Ramsey's theorem tells us that every graph on $n$ vertices has either a clique or independent subgraph of size at least $\frac{1}{2}\log n$, and so, $|V(G)| \le 4^{\alpha(G)} + 4^{\omega(G)}$ where $\alpha$ and $\omega$ are the maximum size of an independent set and clique subgraph, respectively.  

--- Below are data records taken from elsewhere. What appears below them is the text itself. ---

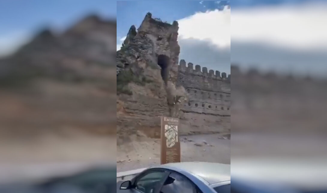 Περαστικός κατέγραψε τη στιγμή που εμβληματικός πύργος του μεσαιωνικού κάστρου Εσκαλόνα καταρρέει, προκαλώντας τεράστια σύννεφα σκόνης.
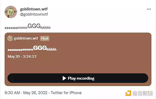 自項目售罄后,Gobilintown 項目方通過官方社媒、Twitter Space 等渠道,展開了對哥布林語的傳播。據觀測,26 日的線上討論總時長達三個半小時,最高同時收聽人數達 1700 余人。有趣的是,每位持有者發言人都融入了對哥布林角色扮演身份的氛圍,并樂在其中。
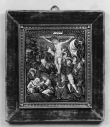 | Keywords: Master of the Passion - The Crucifixion - Walters 44204.jpg Christ is dead on a tau-cross with the titulus INRI At the left St John and one of the Marys assist the swooning Virgin Another holy woman stands in adoration of Christ On the right Mary Magdalene kneels and embraces the shaft of the cross The Centurion lifting his left arm in a contrapposto gesture to bear witness that Christ is truly the son of God is represented as a youth with a feathered cap a short-sleeved doublet slashed breeches and round-toed shoes Nearby an elderly helmeted man bearing a shield adorned with a cusped mask carries a lance over his right shoulder Beyond is another youth wearing a scroll-embroidered doublet and slashed breeches and a group of soldiers with lances and a swelling banner In the background are clusters of trees a hillock and the city of Jerusalem The sky is studded with stars ca 1530 1535 Renaissance technique painted enamel copper cm 12 5 10 6 accession number 44 204 36045 Henri Daguerre Paris date and mode of acquisition unknown Henry Walters city Baltimore Walters Art Museum Henry Walters Acquired by Henry Walters 1930 place of origin Limoges France Walters Art Museum license Limoges painted enamels in the Walters Art Museum Master of the Passion Media contributed by the Walters Art Museum needs category review Painted enamel art in the Walters Art Museum |
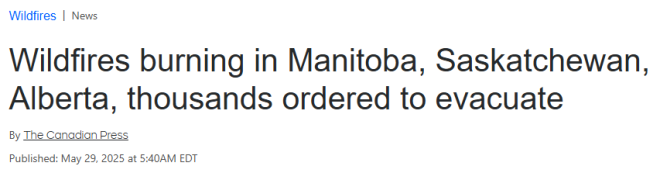 5月29日最新报道,加拿大多个省份正在遭受大范围森林野火的入侵。曼省、萨省、阿省和纽省,均爆发了不同程度的森林野火。

If we only want to bound the chromatic number of $G$, can we get a better bound as a function of $\alpha$ and $\omega$ (than what you get from the Ramsey bound)?  Specifically, is it true that for all graphs, $\chi(G)  = o(\sqrt2^{\alpha(G)} + \sqrt2^{\omega(G)})$?

**Edit:**

A closely related question has already been asked:  https://mathoverflow.net/questions/198939/relationship-of-clique-independence-and-chromatic-numbers?rq=1.  Ben Barber pointed out there that the random graph on $n$ vertices has both clique number and independence number on the order of $\log n$ and chromatic number on the order of $n / \log n$.  Thus, if we let $r(G) = \alpha(G) + \omega(G)$, the best possible result one could hope for would be $\chi(G) \le \frac{\sqrt2^{r(G)}}{r(G)}$.  Could this be true?